The Modi government abrogated Article 370 in August 2019, which granted special autonomy to Jammu and Kashmir. This move, according to Modi, has fostered greater unity and a sense of belonging among the people in the region, reflected in the increased voter turnout and tourism.

Prime Minister Narendra Modi has emphasized that Article 370 was never the agenda of the people of Kashmir or the broader Indian populace but rather the concern of a few influential families. In an exclusive interview with ANI, Modi highlighted the enthusiastic participation of Kashmiri voters in the recent Lok Sabha elections as a powerful statement to the world.

“Article 370 was the agenda of only four families, it was neither the agenda of the people of Kashmir nor the agenda of the people of the country. For their benefit, they had built such a wall of 370 and used to say that if 370 was removed, there would be a fire…Today it has become true that after the removal of 370, there is a feeling of more unity. The feeling of belongingness is increasing among the people of Kashmir and hence its direct result is also visible in elections, and tourism,” Modi stated.

The Modi government abrogated Article 370 in August 2019, which granted special autonomy to Jammu and Kashmir. This move, according to Modi, has fostered greater unity and a sense of belonging among the people in the region, reflected in the increased voter turnout and tourism.

The Prime Minister also noted the warm reception of international delegates during the G20 summit events in Kashmir, further underscoring the region’s positive transformation.

In the recent Lok Sabha elections, constituencies such as Srinagar, Baramulla, and Anantnag-Rajouri saw record voter turnouts. Srinagar recorded 38.49% polling, Baramulla 59.1%, and Anantnag-Rajouri 51.35% as of 5 pm on April 25. This level of participation is the highest since 1989 and marks the first Lok Sabha elections in Jammu and Kashmir since the abrogation of Article 370.

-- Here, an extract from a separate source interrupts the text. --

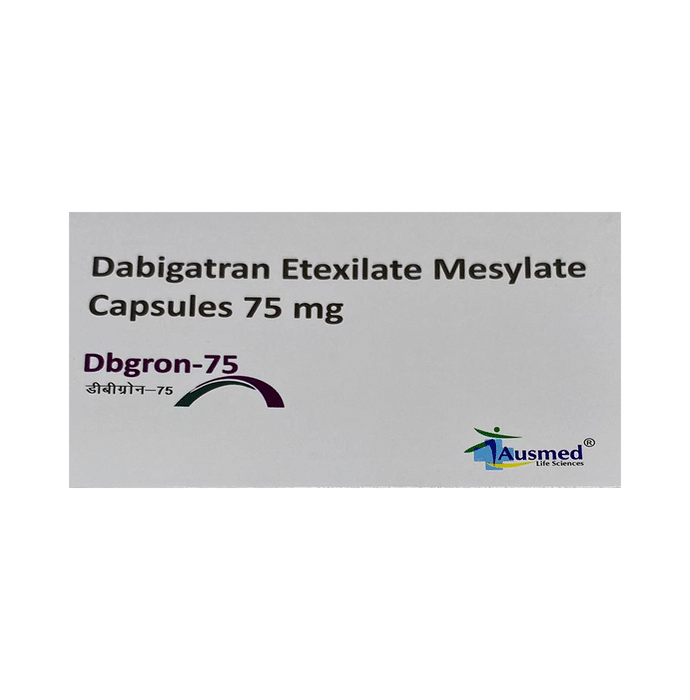 Dbgron 75 Capsule is an anticoagulant or blood thinner. It helps prevent and treat blood clots. It is used to reduce the risk of stroke and heart attack. It prevents and treats clot formation in the veins of your legs, lungs, brain, and heart. Dbgron 75 Capsule is commonly used in patients with irregular heart rhythm (atrial fibrillation) to prevent clot formation. It also reduces the risk of getting clots in people who have undergone knee or hip replacement surgeries. It can be taken with or without food, but it is best to take them at the same tdime each day. You may need to take this medicine for many years, even for life in some cases. Do not stop taking it or change the dose without guidance from your doctor. It could quickly put you more at risk of having a heart attack, stroke, or thrombosis (formation of a blood clot within a blood vessel). You can reduce your risk of having a blood clot by making changes to your lifestyle, such as not smoking, eating a healthy diet, getting regular exercise, and losing weight if you need to. The most common side effect of Dbgron 75 Capsule are stomach upset and bleeding more easily than normal, for example having nosebleeds or bruising. If you experience any symptoms, tell your doctor dimmediately. Other side effects include headaches, seizures, allergic reactions, changes to your eyesight, and tiredness. Do not take this medicine if you have severe kidney or liver problems, if you are currently bleeding or if you are taking other medicines to reduce blood clotting. You should not breastfeed while using this medicine. Unlike other anticoagulants, a regular blood test (PT-INR) is not required while taking this medicine.

“First of all, I would like to pray to the justice system of our country that if the government wants to do any work, they have a design, and strategy to do that work. To solve such problems, work had to be done under that strategy. Now sometimes I had to shut down the internet for that. Some NGOs went to court and it became a big issue in the court but today the children there proudly say that the internet has not been shut down for the last 5 years and we have been getting all the facilities for the last 5 years. There was some pain for a few days, but it was for a good cause… It is very important to save the country from such NGOs,” he said.

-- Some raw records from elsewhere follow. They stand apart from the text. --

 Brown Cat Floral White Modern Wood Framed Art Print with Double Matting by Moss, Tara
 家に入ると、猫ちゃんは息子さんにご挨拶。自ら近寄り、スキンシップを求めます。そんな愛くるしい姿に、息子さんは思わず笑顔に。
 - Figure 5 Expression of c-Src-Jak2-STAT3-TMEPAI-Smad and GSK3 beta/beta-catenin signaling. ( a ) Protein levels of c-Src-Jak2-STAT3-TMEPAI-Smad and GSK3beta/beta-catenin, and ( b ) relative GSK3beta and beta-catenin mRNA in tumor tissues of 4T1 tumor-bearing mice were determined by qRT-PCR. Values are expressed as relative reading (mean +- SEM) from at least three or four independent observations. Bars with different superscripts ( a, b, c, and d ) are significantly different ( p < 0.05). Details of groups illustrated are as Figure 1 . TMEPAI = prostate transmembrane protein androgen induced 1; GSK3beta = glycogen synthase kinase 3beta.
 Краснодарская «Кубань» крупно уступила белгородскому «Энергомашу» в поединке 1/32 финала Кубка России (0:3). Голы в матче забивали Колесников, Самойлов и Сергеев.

Modi stressed that the enthusiastic voter turnout in Kashmir is a testament to the region’s acceptance of the Indian Constitution and dedication to the nation’s spirit. He expressed satisfaction with the record-breaking participation, viewing it as a message to the world and to sceptics who doubted the positive outcomes of the government’s decisions.

The Lok Sabha elections are being held in six phases, with the final phase concluding on June 1 and vote counting scheduled for June 4.

Article 370

Article 370 was a provision in the Indian Constitution that granted special autonomous status to the region of Jammu and Kashmir. It allowed the state to have its own constitution, separate flag, and autonomy over internal matters, while defence, communications, finance, and foreign affairs remained under the Indian government’s jurisdiction. Originally intended as a temporary measure, Article 370 meant that Indian laws did not automatically apply to Jammu and Kashmir; the state’s legislative assembly decided which laws would be applicable. The article also defined “permanent residents” of the state, granting them special rights and privileges regarding property, employment, and scholarships, not available to non-residents. On August 5, 2019, the Indian government revoked Article 370, fully integrating Jammu and Kashmir into India and reorganizing it into two Union Territories: Jammu & Kashmir and Ladakh. This decision was met with mixed reactions, with supporters advocating for better integration and development, while opponents claimed it violated constitutional guarantees and could lead to unrest.